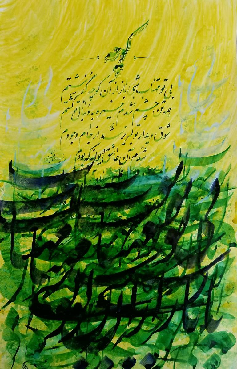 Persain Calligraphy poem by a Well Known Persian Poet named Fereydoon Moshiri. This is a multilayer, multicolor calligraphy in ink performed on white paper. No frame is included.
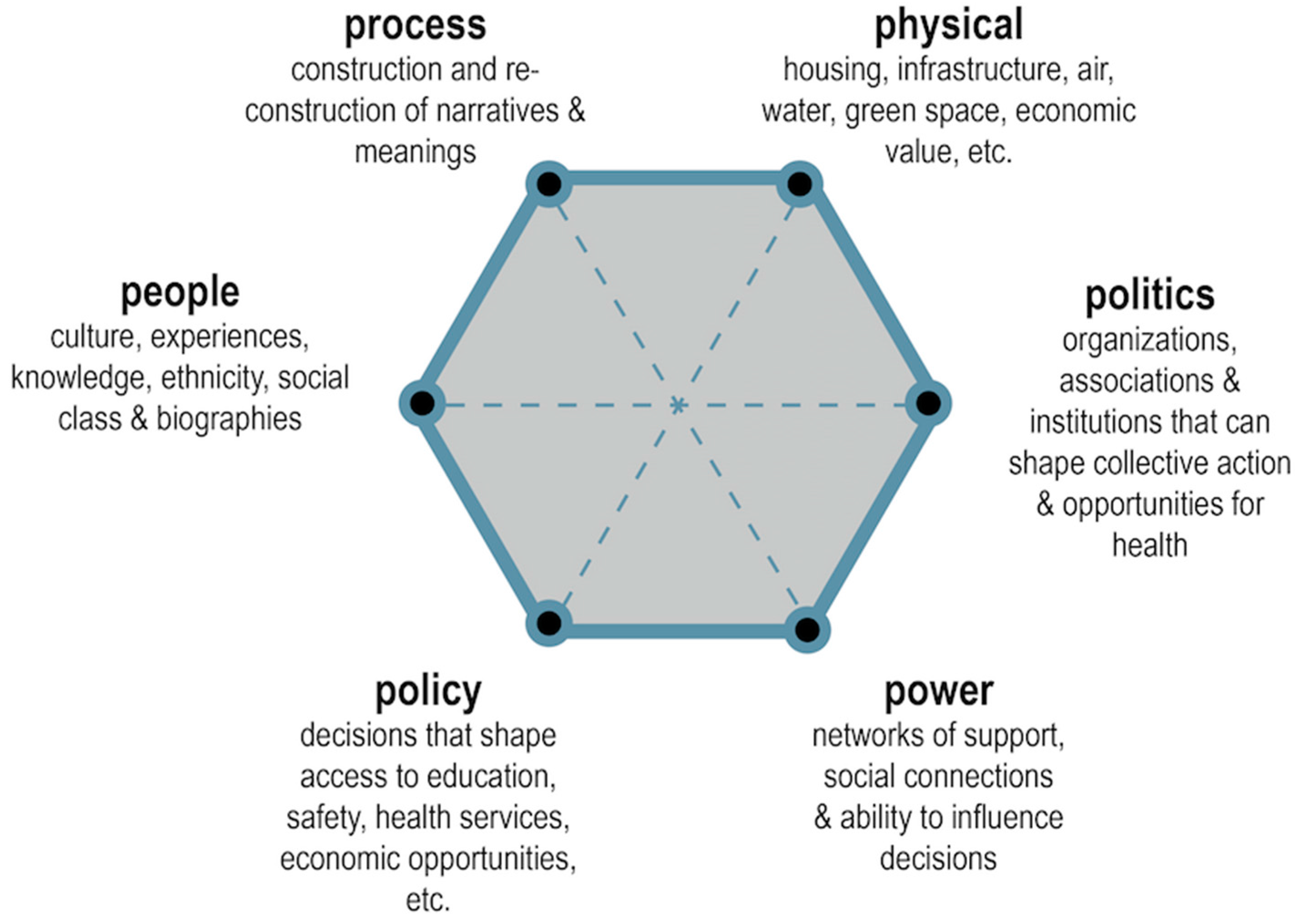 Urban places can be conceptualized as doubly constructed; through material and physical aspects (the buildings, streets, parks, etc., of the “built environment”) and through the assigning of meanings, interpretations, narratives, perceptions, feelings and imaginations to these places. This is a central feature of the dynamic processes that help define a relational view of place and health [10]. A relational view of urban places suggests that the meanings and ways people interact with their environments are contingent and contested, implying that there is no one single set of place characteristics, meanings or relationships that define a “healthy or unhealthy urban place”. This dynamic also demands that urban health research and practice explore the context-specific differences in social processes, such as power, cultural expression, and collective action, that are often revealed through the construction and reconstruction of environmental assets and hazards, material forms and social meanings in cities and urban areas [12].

----

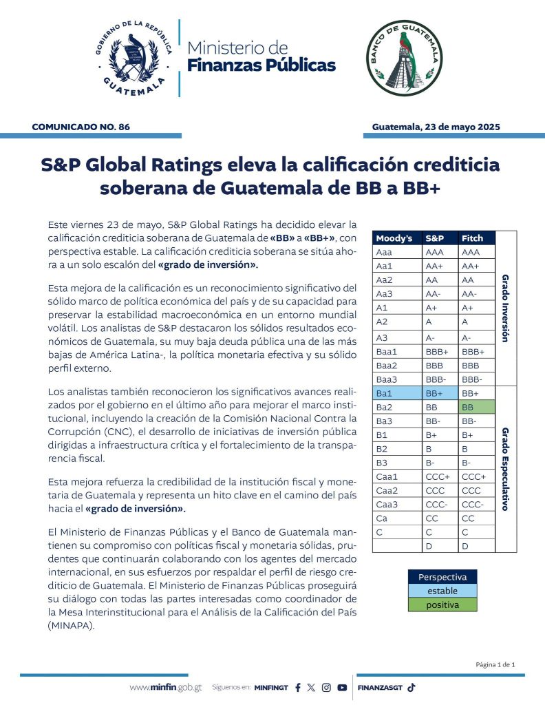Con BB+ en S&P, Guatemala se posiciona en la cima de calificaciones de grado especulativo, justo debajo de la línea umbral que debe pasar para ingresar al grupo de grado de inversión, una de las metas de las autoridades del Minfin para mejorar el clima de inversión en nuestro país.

----

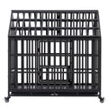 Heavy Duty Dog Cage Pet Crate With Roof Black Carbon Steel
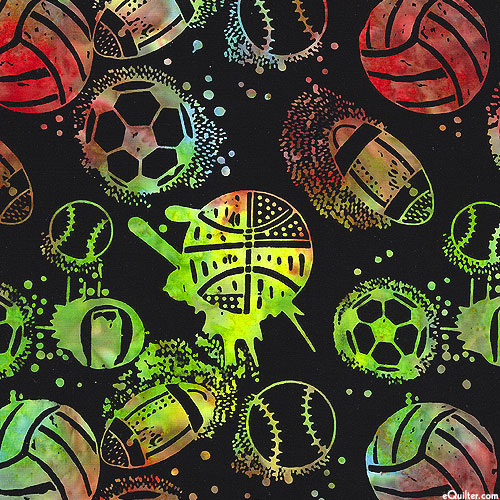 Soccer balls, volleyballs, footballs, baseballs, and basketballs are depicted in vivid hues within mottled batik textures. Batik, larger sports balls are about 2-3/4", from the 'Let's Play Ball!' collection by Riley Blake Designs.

----

**Exercise description**
All that should appear in the answer is the lines above from the line with "Persain Calligraphy poem" through the line with "Urban places can", retyped exactly, pictures left out.

**Solution**
 Persain Calligraphy poem by a Well Known Persian Poet named Fereydoon Moshiri. This is a multilayer, multicolor calligraphy in ink performed on white paper. No frame is included.
 Urban places can be conceptualized as doubly constructed; through material and physical aspects (the buildings, streets, parks, etc., of the “built environment”) and through the assigning of meanings, interpretations, narratives, perceptions, feelings and imaginations to these places. This is a central feature of the dynamic processes that help define a relational view of place and health [10]. A relational view of urban places suggests that the meanings and ways people interact with their environments are contingent and contested, implying that there is no one single set of place characteristics, meanings or relationships that define a “healthy or unhealthy urban place”. This dynamic also demands that urban health research and practice explore the context-specific differences in social processes, such as power, cultural expression, and collective action, that are often revealed through the construction and reconstruction of environmental assets and hazards, material forms and social meanings in cities and urban areas [12].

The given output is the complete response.